Howell v. State

7 S.E.2d 249 | Ga. | 1940

1. The Supreme Court shall have jurisdiction in all cases where the constitutionality of any law of the State of Georgia is drawn in question (Code, § 2-3005), but in order to raise such a constitutional question it is necessary to set forth the particular statute or provision of law which it is claimed is unconstitutional. Jones v. Oemler, 110 Ga. 202 (2) (35 S.E. 375); Rooks v. Tindall, 138 Ga. 863 (2) (76 S.E. 378); Spielberger v. Hall, 159 Ga. 511 (126 S.E. 391); Loftin v. Southern Security Co., 162 Ga. 730 (2) (134 S.E. 760); Wright v. Cannon, 185 Ga. 363 (195 S.E. 168). *655

2. Accordingly, where an indictment undertakes to describe in general terms some act of the General Assembly, and the defendant demurs to the indictment upon the ground that there is no such law, but that the law as set forth in the indictment, if there be any such, is fatally defective in that it violates stated provisions of the constitution, the demurrer does not bring into question the constitutionality of any law of this State within the meaning of the constitutional provision as to jurisdiction of the Supreme Court, since it fails to specify any particular statute or provision which it is claimed is unconstitutional.

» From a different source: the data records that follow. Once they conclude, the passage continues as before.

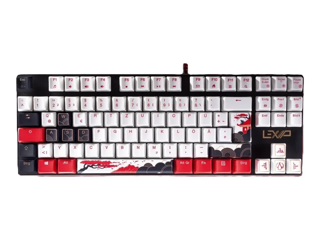 Lexip - Master Bundle - Tastatur - Hintergrundbeleuchtung - USB - QWERTZ - Deutsch - Tastenschalter: roter Schalter - weiß, Schwarz, Gold, Rot - mit Assassin's Creed Shadows, mouse and mousepad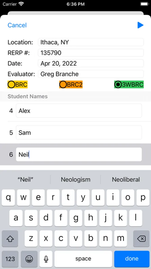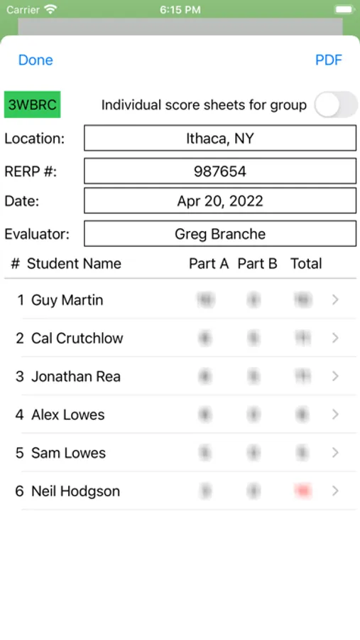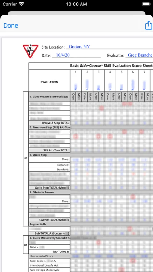 Rather than use the paper score sheet with a clipboard, pencil, and stopwatch, the app allows a certified RiderCoach to score the evaluation completely electronically. Scoring is assessed by tapping controls on the iPhone or iPad screen, with a logical progression of scoring screens provided throughout the evaluation. For evaluations 3, 4, and 5, an on-screen stopwatch is provided, but you are not required to use it – the time can be entered manually if you choose to do so. The Standard Distance for evaluation 3 is calculated automatically. During the skill evaluation, a student’s score is continually updated and displayed on that student’s evaluation page so that the RiderCoach has an immediate view of that student’s status. At the end of the evaluation, each student's score can be reviewed with the student (using an individual score sheet display on screen), and a standard MSF score sheet (individual, or group, or both) can be produced with the necessary annotations. This PDF form can be printed, shared, filed, etc. using standard iOS features.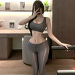 健身女神 灰色【短背心+开裆拉链瑜伽裤】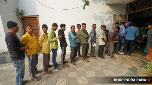 The 93 seats account for altogether 2.51 crore voters, even as 833 candidates, including 764 males and 69 females, are in the fray. In this picture, voters can be seen lined up early in the morning to cast their vote for the Assembly bypolls. (Express Photo by Bhupendra Rana)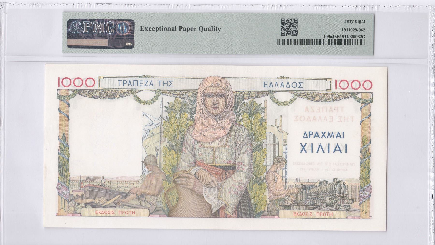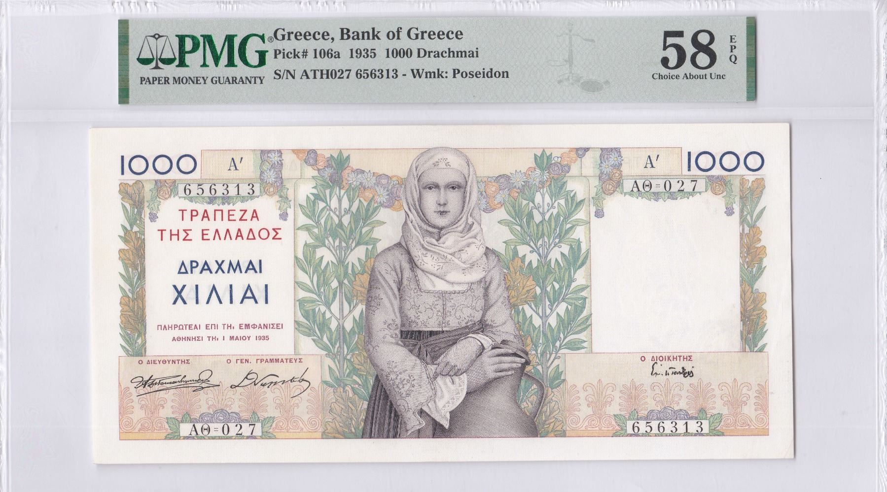 1935, 希臘, 1000 德拉克馬, 編號: ATH027 656313. PMG 58EPQ.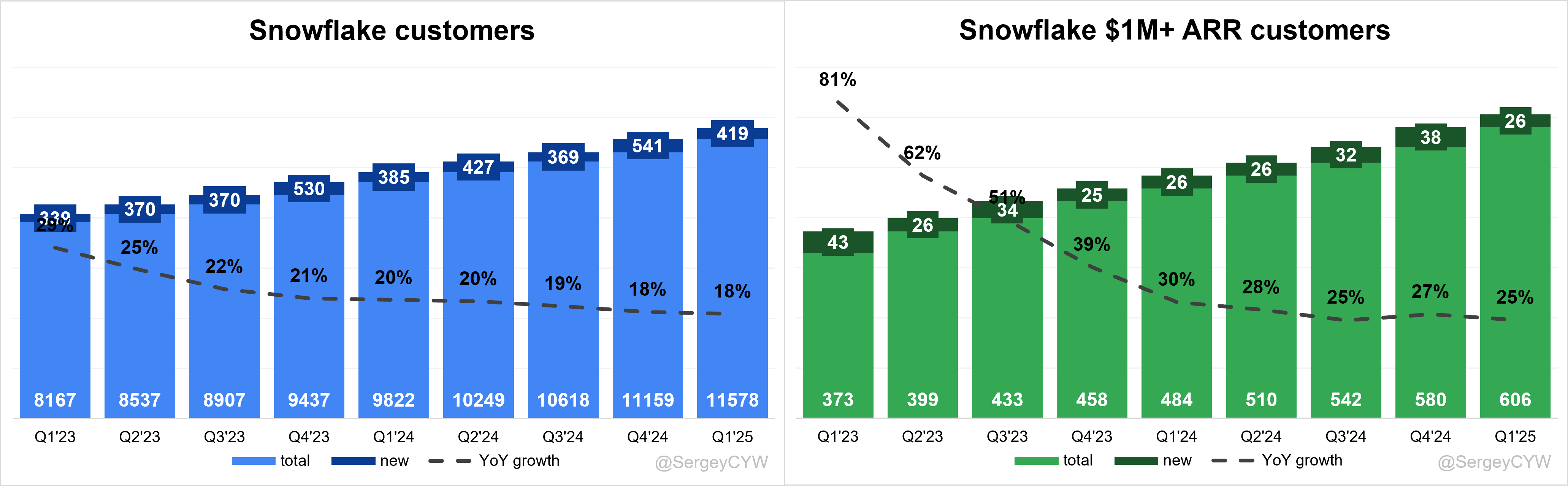 $SNOW Snowflake added 419 total customers, reflecting +18% YoY growth, which is higher than in Q1 last year. The company also added 26 large customers with $1M+ ARR, matching the level from Q1 2024, and achieved +25% YoY growth in that segment.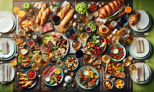 Festliche Tafel, üppig gedeckter Tisch mit Speisen und Getränken, flatlay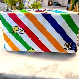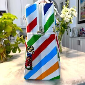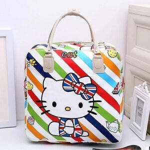 This is a Hello Kitty Lightweight Large Travel Bag Tote UK Union Jack Rainbow Bag in Faux Leather. Brand New. Only 2 available. Zippered at the top with two carry handles that snap together for easy carrying.
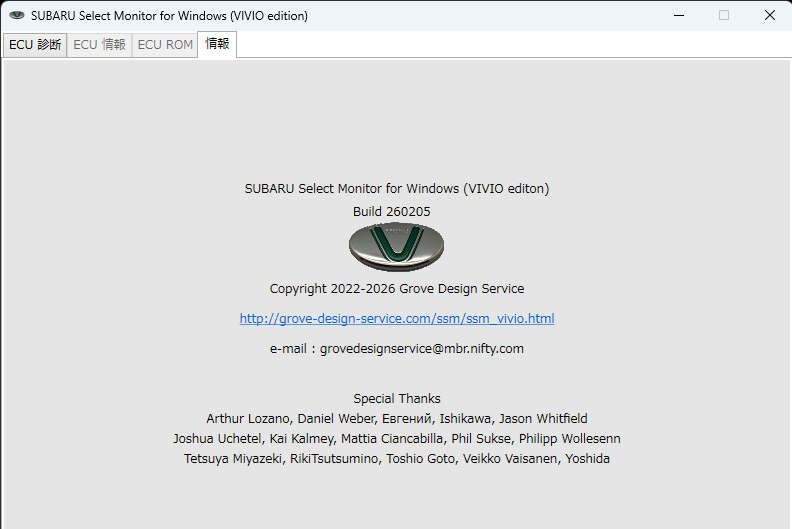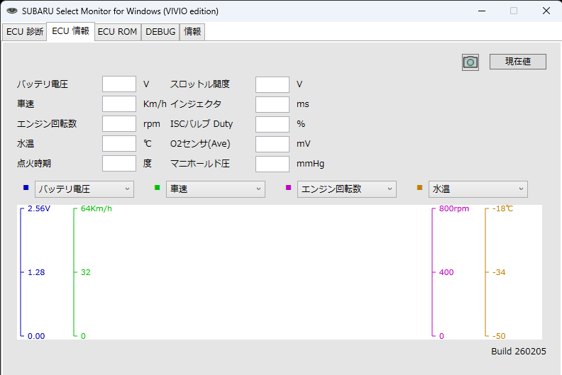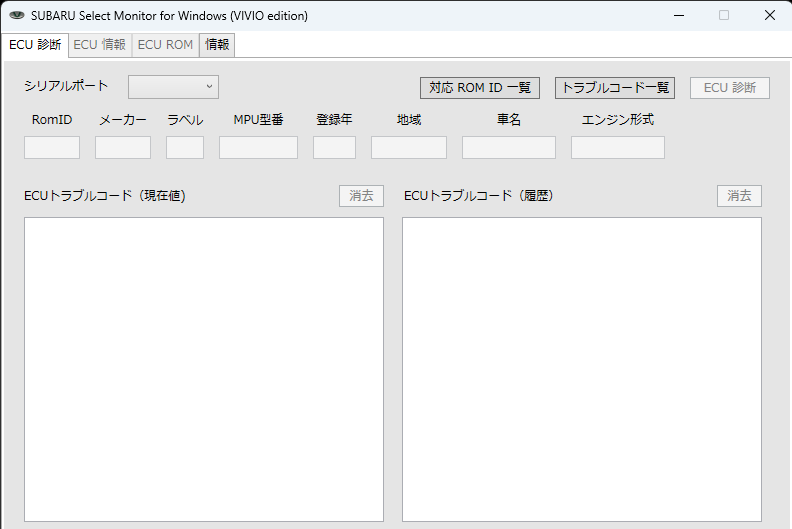 ダウンロードとインストール 下記のリンクからzipファイルをダウンロードして、PCの任意のフォルダに解凍してください。レジストリは使用していません。設定の変更はインストールしたフォルダ内の"select_monitor.ini"ファイルに保存されます。なお、iniファイルでは他車種対応のためのカスタマイズはできません。(他車種への対応はリクエストがあれば検討します) SUBARU Select Monitor for Windows (VIVIO edition) Build 260205 右クリックでダウンロード ベータ版対応済みECUのROM IDと対応について 現在対応済みのVIVIOのECU ROM IDは以下の通りです。ROM IDが登録されていない場合、ROMデータの読み出しのみ機能します。ROM IDと諸情報、ROMデータを送付いただければ登録させていただきます。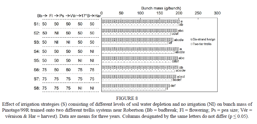Bunch mass: The trellis system had no effect on bunch mass in the 1998/99 and 1999/00 seasons (Table 4). In the 2000/01 season, bunches were smaller on the two-tier trellis than on the six-strand hedge for some irrigation strategies. Considering the mean bunch mass over the three seasons, the trellis system did not have any effect on bunch mass (Fig. 8). Although there were differences in bunch mass between the irrigation strategies in the 1998/99 and 2000/01 seasons, there were no consistent trends (Table 4). On average, grapevines on the six-strand trellis only produced smaller bunches where irrigation at 75% depletion was stopped at véraison (S8) compared to S1 (Fig. 8). In the case of the two-tier trellis, pre-véraison deficits (S2 & S3) as well as deficits during berry ripening (S5) reduced bunch mass compared to S1. The sensitivity of bunch mass to pre-véraison water constraints was also found in a previous study (McCarthy, 1997). The driest irrigation strategy, i.e. where irrigation at 75% depletion was stopped at véraison (S8), also produced smaller bunches on the two-tier trellis compared to S1 (Fig. 8). This trend agrees with previous findings (Hardie & Considine; McCarthy, 1997; Santos et al., 2005). Surprisingly, irrigation at 75% RAW depletion from budbreak until harvest (S7) only tended to produce smaller bunches compared to S1 (Fig. 8). In contrast, grapevines that were subjected to water deficits from budbreak until harvest produced smaller bunches compared to more frequent irrigation (Santos et al., 2005; Lategan, 2011; Myburgh, 2011; Lategan & Howell, 2016).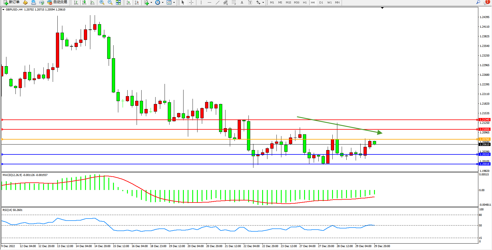 英镑美元GBPUSD ——4小时K线图显示: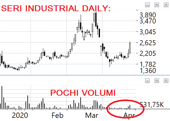SERI INDUSTRIAL: un lettore chiede di questa azione che ha fatto due barre di rovesciamento ma i volumi sono poverini. Ne vorrei vedere di più, mi sa che si tratta di un movimento di rimbalzo tecnico destinato ad esaurirsi. Se dovesse uncinare magari sì ma ci vogliono più volumi.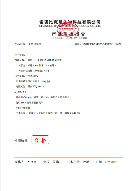110429002 bkmamlab 干型透析袋 MD25-14000D 1米卷 批號 202302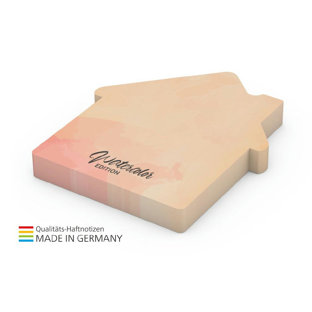 Egal, ob Transporter, Glühbirne oder Daumen-Hoch: Haftnotizblock Form in verschiedenen Formaten, mit wählbarer Formstanzung; 25, 50 oder 100 Blatt individuell bedruckbares Haftpapier – hergestellt aus 100 % Altpapier mit dem Umweltzeichen „Blauer Engel” – Werbeeindruck in 4C-Quality auf den Haftnotizen inklusive

3. The Court of Appeals, and not the Supreme Court, has jurisdiction of the present case.

Transferred to the Court of Appeals. All the Justicesconcur.

No. 13073. FEBRUARY 15, 1940.
Jessie Howell was indicted by the grand jury of Warren County for the offense of manufacturing liquor, the charge being "that the said accused in the county aforesaid, on the 27 day of January in the year of our Lord nineteen hundred and thirty-nine, with force and arms did unlawfully distill, manufacture, and make distilled spirits, alcohol, whisky, mixed liquors and beverages, a part of which is a product of distillation, which said county has not by a majority vote voted into operation in said county the revenue act to legalize and control alcoholic beverages and liquors of the General Assembly of Georgia, approved February the third, 1938, contrary to the laws of said State." The defendant demurred to the indictment on several grounds, of which only the following are here material: "3rd. There is no such law entitled `The Revenue Act to Legalize and Control Alcoholic Beverages and Liquors of the General Assembly of Georgia, approved February the third, 1938,' as is charged in said indictment. 4th. The law as set forth in said indictment, if there is any such law, is fatally defective, in that it is violative of paragraph 1 of section 4 of article 1 of the constitution of Georgia, which constitution provides that laws of a general nature shall have uniform operation throughout the State, whereas the said indictment sets forth an alleged law which affects beverages and liquors of the General Assembly, and no other class of persons of said State, and same would not be of uniform operation." The demurrer was overruled, and the defendant excepted pendente lite. After conviction, the defendant moved for a new trial, which the court refused, *656 and he excepted, assigning error on the exceptions pendente lite and on the judgment refusing a new trial. The bill of exceptions contains the statement that the Supreme Court has jurisdiction because the constitutionality of a law of the State of Georgia has been drawn in question, and the writ of error was made returnable to the Supreme Court.